══ Exercise material ══

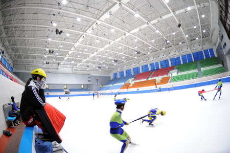 Ice hockey players attend a training session in Harbin of Northeast China's Heilongjiang Province December 16, 2008. The 11-day 24th Winter Universiade will kick off in Harbin Feberuray 18, 2009. [Xinhua]
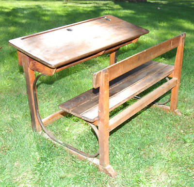 Title (ebay affiliate link): RARE Antique DOUBLE School DESK & BENCH Oak Iron! TWINS
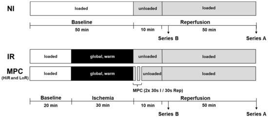 An isolated heart model of DCD heart transplantation was used, as previously reported [26,45,47,53,54], with male Wistar rats (Janvier Labs, Le Genest-Saint-Isle, France) of 10 to 11 weeks of age to ensure mature cardiac metabolism [55] and to represent young, adult human DCD donors. Rats were housed under standard conditions at a controlled room temperature with a 12-h light–dark cycle and access to water and food ad libitum. After random assignment to experimental groups (in alternating fashion), the rats were anaesthetized intraperitoneally using 100 mg/kg ketamine (Narketan®, Vetoquinol AG, Bern, Switzerland) and 10 mg/kg xylazine (Xylapan®, Vetoquinol AG, Bern, Switzerland). As soon as the pedal reflex had disappeared, the hearts were excised and cannulated on the perfusion system. Series A: Hearts first underwent 20 min of baseline working mode perfusion with modified KHB buffer (containing 118 mM NaCl, 4.7 mM KCl, 1.2 mM KH2PO4, 1.25 mM CaCl2·2H2O, 1.2 mM MgSO4·7H2O, 25 mM NaHCO3 and 11 mM glucose, supplemented with 1.2 mM palmitate/3% BSA and 0.5 mM lactate; gassed with 95% O2- 5% CO2). Thereafter, hearts were subjected to 30 min global, no-flow, normothermic (37 °C) ischemia. The first ten minutes of reperfusion following ischemia were performed in Langendorff/unloaded mode; subsequently the hearts were switched to working mode for the following 50 min reperfusion (reperfusion buffer: modified KHB buffer without addition of palmitate/BSA and lactate; Figure 8). Following ischemia, hearts were either subjected to mechanical postconditioning (MPC; two cycles of 30 s reperfusion/30 s ischemia), or directly reperfused (ischemia reperfusion, IR). In addition, a non-ischemic control group (no ischemia, NI) was generated by prolonging the aerobic, baseline perfusion conditions for the equivalent time of ischemia, followed by reperfusion as described above. Series B: Hearts were perfused using the three protocols described above, but stopped after a total of 15 min reperfusion for molecular analyses. For glycogen content measurements, an additional group of hearts was stopped directly after ischemia.
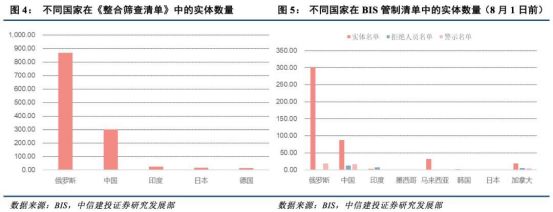 以国家分析,在所有部门的整合清单中,中国受到管制或制裁的机构和个人高达302项,仅次于俄罗斯。与之对应,印度、德国和日本受管制数量均不超过30项。
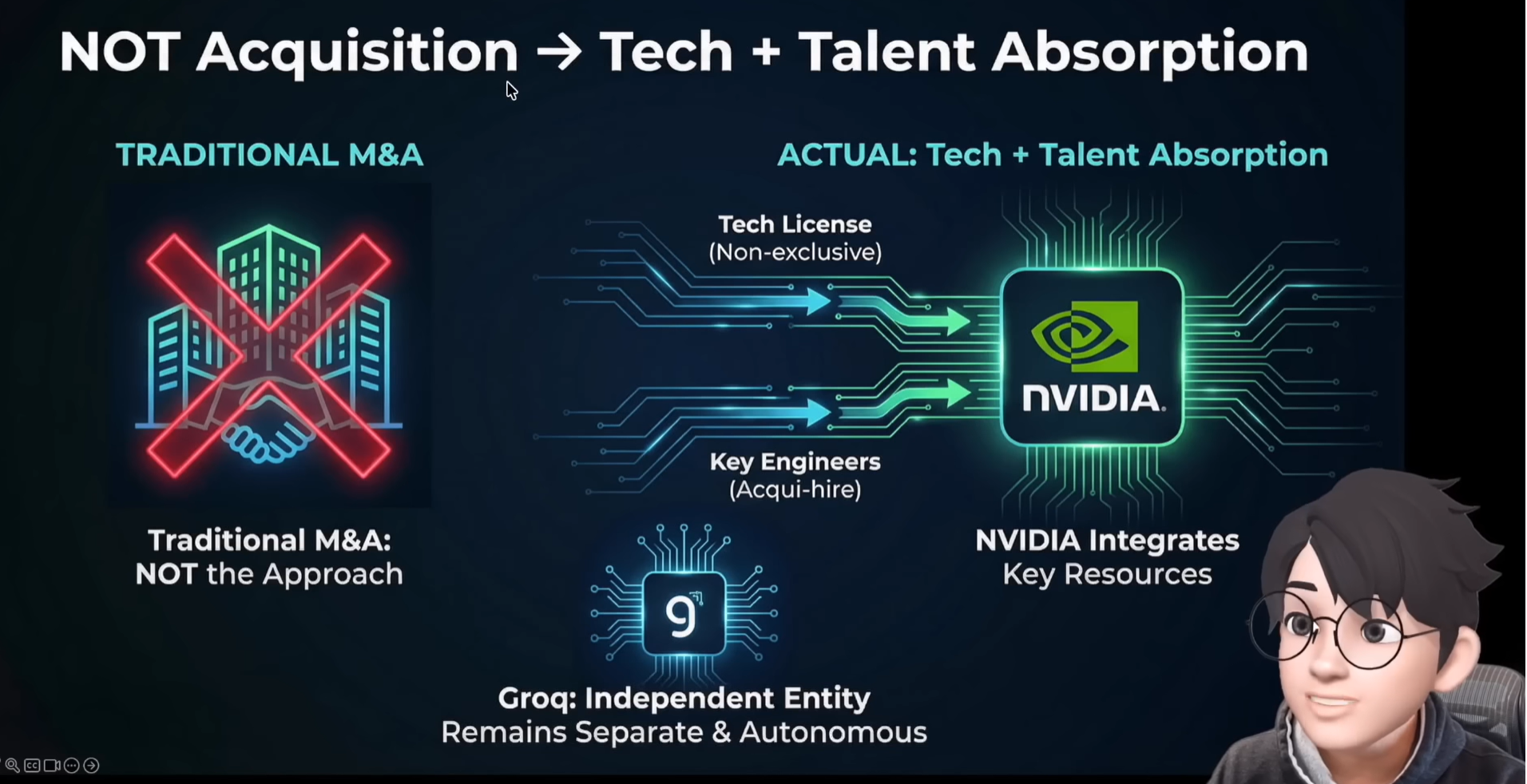 정확하게 말하면 표면적으로 인수는 아닙니다. 기술에 대한 독점적 라이센스와 핵심 인력들을 영입하되 Groq이라는 회사는 그대로 놔둔다는 것입니다. 하지만, 이것은 반독점법에 의한 제재를 회피하기 위한 방법이며, 실상은 M&A나 다름 없습니다.
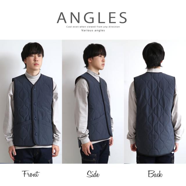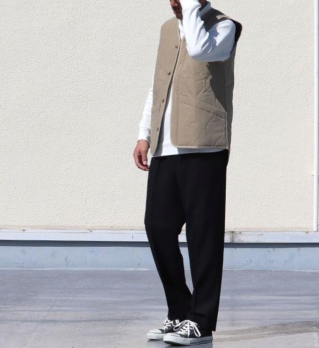レイヤードの着こなしに今では欠かせなくなったアイテム。インナーベストとしても重宝するアイテムですね。
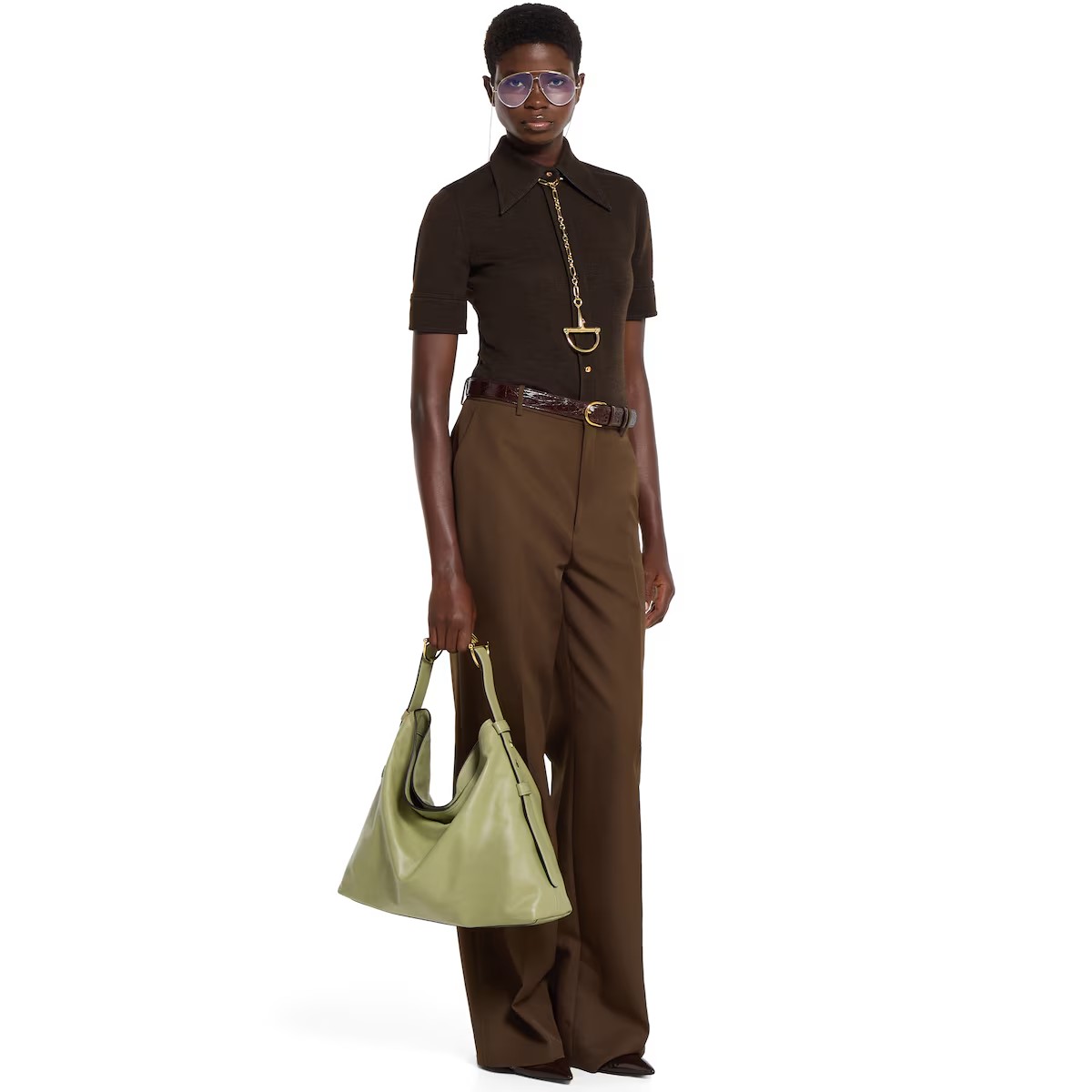 2025 가을-겨울 컬렉션, 편안한 실루엣에 숄더 스트랩의 시그니처 홀스빗 디테일로 고급스러움을 불어넣은 소프트 스무드 레더 구찌 베아트릭스 핸드백. 골드 톤 메탈 장식과 필수품을 안전하게 보관해주는 지퍼 포켓이 세련된 분위기를 더합니다. 일상 필수품을 편리하게 보관할 수 있도록 설계되어 우아함과 기능성을 겸비한 가방입니다.
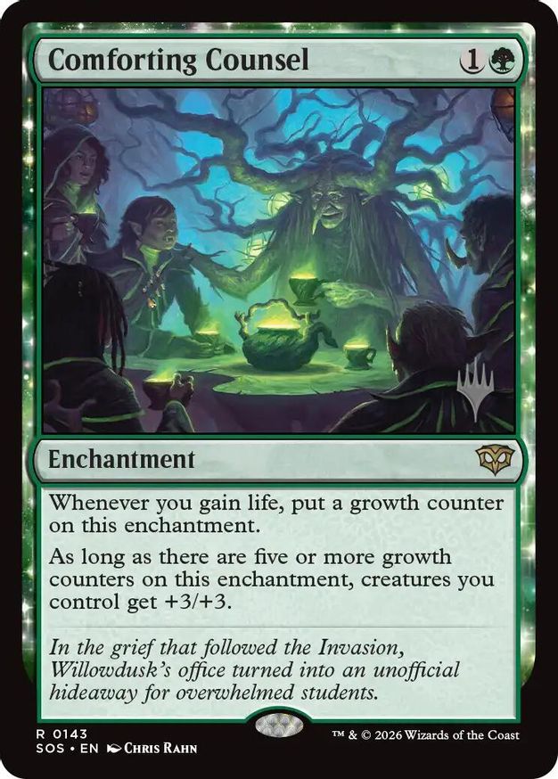 Magic: the Gathering (mtg) Rare enchantment Comforting Counsel from Promo Pack: Secrets of Strixhaven (PPSOS) last updated 2026-04-17 21:11:01
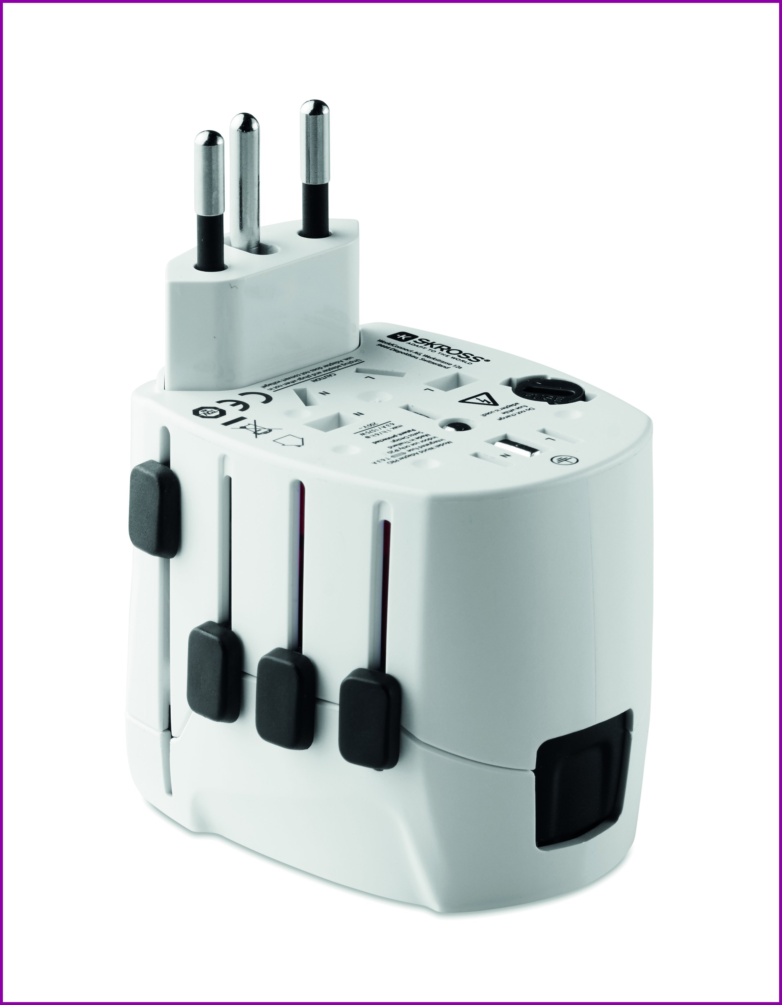 Kompakti 3-napainen matkapistoke Euroopasta matkustaville (Schuko- standardi)12W USB Type-A port. Sopii jopa tehokkaiden laitteiden, kuten kannettavien tietokoneiden ja hiustenkuivaajien, liittämisen kaikkialla maailmassa. 3-napainen, maadoitettu. Täyttää kaikki kansainväliset turvallisuuteen liittyvät standardit ja normit, turvallinen lasten käytettäväksi. SKROSS®.
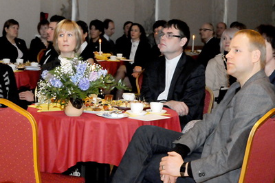 Speciāli Lūgšanu brokastīm bija sagatavots videosižets, kurā bija redzams, kam jūtas pateicīgi ielās un darbavietās sastaptie cilvēki. Pasākumu vadītāji informēja, ka 1. novembrī kuldīdznieki piedalīsies kārtējās Lūgšanu brokastīs Rīgā, un ka tiek plānots arī pirmais reģiona mēroga pasākums. Foto: Kurzemnieks.lv |
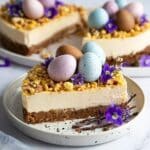 This Easter Egg Cheesecake is a festive and creamy dessert perfect for spring celebrations. Featuring a buttery graham cracker crust and a rich cream cheese filling studded with chopped chocolate Easter eggs, it’s both indulgent and visually delightful. Topped with a drizzle of melted chocolate, whipped cream, and pastel sprinkles, it makes an eye-catching centerpiece for your holiday table.
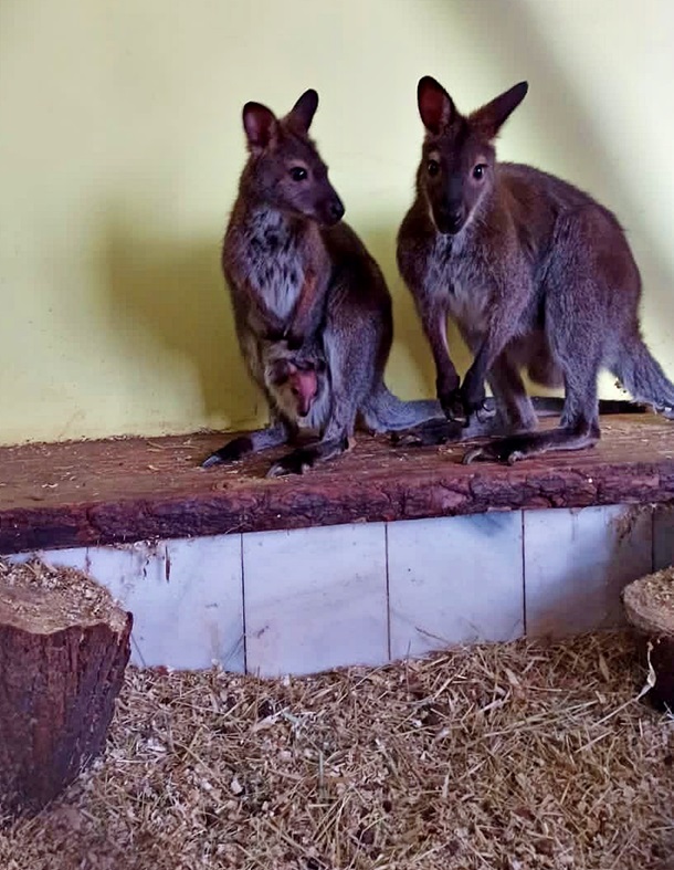 В семействе кенгуру в детском эколого-биологическом центре Озерска появился малыш. Причем, увидели его случайно: Аннушка прятала свое чадо в сумке. Беременность кенгуру длится недолго, всего 40 дней, а малыш рождается крошечным, весом всего в 1 грамм. Почти сразу он тянется к сумке и «заселяется» туда на откорм. В сумке матери кенгуренок может пролежать 6-8 месяцев.
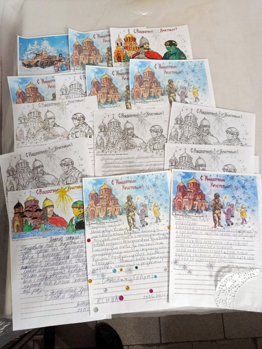 Готовые открытки бережно упакованы вместе с рождественскими подарками и переданы через волонтеров, которые направляются в зону СВО. Каждая такая посылка станет весточкой из дома, написанной детской рукой, – самым искренним и трогательным знаком того, что вся страна, от мала до велика, помнит, ценит и молится о своих героях.
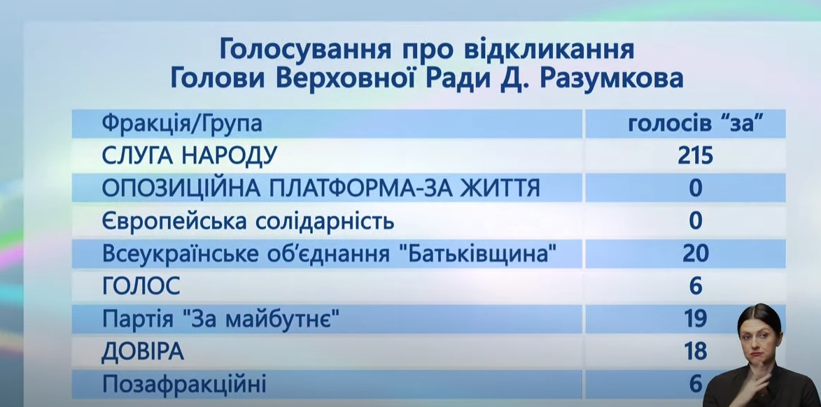 "Если говорить о том, что отставка Разумкова внутреннее фракционное решение, то я хотел бы напомнить, что это манипуляция и результат на табло это показал. Фракция "Слуга народа" не проголосовала в достаточном количестве для того, чтобы отправить меня в отставку. Лишь 215 голосов при необходимых 226. Если бы не поддержка фракции "Батькивщина", двух депутатских групп, то есть мы сегодня можем увидеть фактически новую коалицию в стенах ВР: это "Батькивщина", "Доверие", "Слуга народа" и "За Майбутнє", - отметил Разумков.
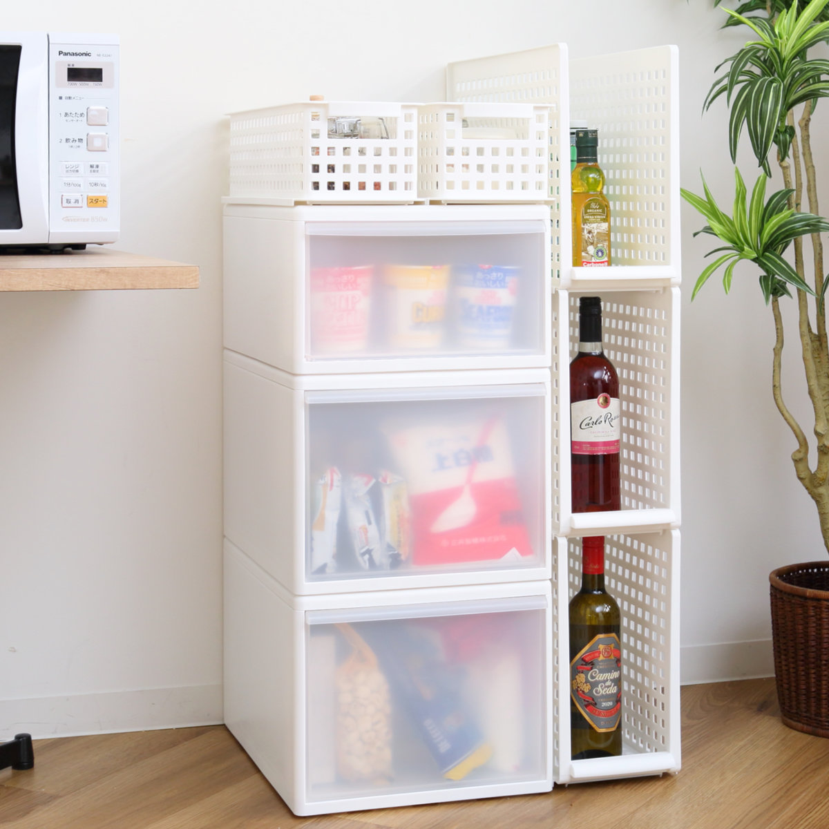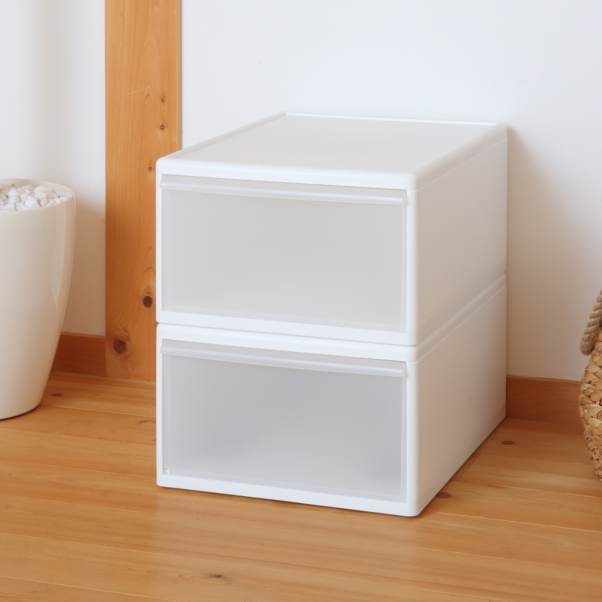 リビングや子供部屋、キッチンでのストック品の収納にもおすすめです。脱衣所ではタオルや下着、パジャマなどを入れておくと、入浴の際に必要なものを取りに行く手間が省けます。プラスチック製なので、水回りでの使用も安心です。シンプルかつベーシックな見た目は、置き場所を選ばず、どのお部屋に置いても使いやすいデザインです。

═══

What belongs in the answer is each line above from the line with "レイヤードの着こなしに今では" to the line with "Speciāli Lūgšanu brokastīm", inclusive, reproduced exactly and free of pictures.

レイヤードの着こなしに今では欠かせなくなったアイテム。インナーベストとしても重宝するアイテムですね。
 2025 가을-겨울 컬렉션, 편안한 실루엣에 숄더 스트랩의 시그니처 홀스빗 디테일로 고급스러움을 불어넣은 소프트 스무드 레더 구찌 베아트릭스 핸드백. 골드 톤 메탈 장식과 필수품을 안전하게 보관해주는 지퍼 포켓이 세련된 분위기를 더합니다. 일상 필수품을 편리하게 보관할 수 있도록 설계되어 우아함과 기능성을 겸비한 가방입니다.
 Magic: the Gathering (mtg) Rare enchantment Comforting Counsel from Promo Pack: Secrets of Strixhaven (PPSOS) last updated 2026-04-17 21:11:01
 Kompakti 3-napainen matkapistoke Euroopasta matkustaville (Schuko- standardi)12W USB Type-A port. Sopii jopa tehokkaiden laitteiden, kuten kannettavien tietokoneiden ja hiustenkuivaajien, liittämisen kaikkialla maailmassa. 3-napainen, maadoitettu. Täyttää kaikki kansainväliset turvallisuuteen liittyvät standardit ja normit, turvallinen lasten käytettäväksi. SKROSS®.
 Speciāli Lūgšanu brokastīm bija sagatavots videosižets, kurā bija redzams, kam jūtas pateicīgi ielās un darbavietās sastaptie cilvēki. Pasākumu vadītāji informēja, ka 1. novembrī kuldīdznieki piedalīsies kārtējās Lūgšanu brokastīs Rīgā, un ka tiek plānots arī pirmais reģiona mēroga pasākums. Foto: Kurzemnieks.lv |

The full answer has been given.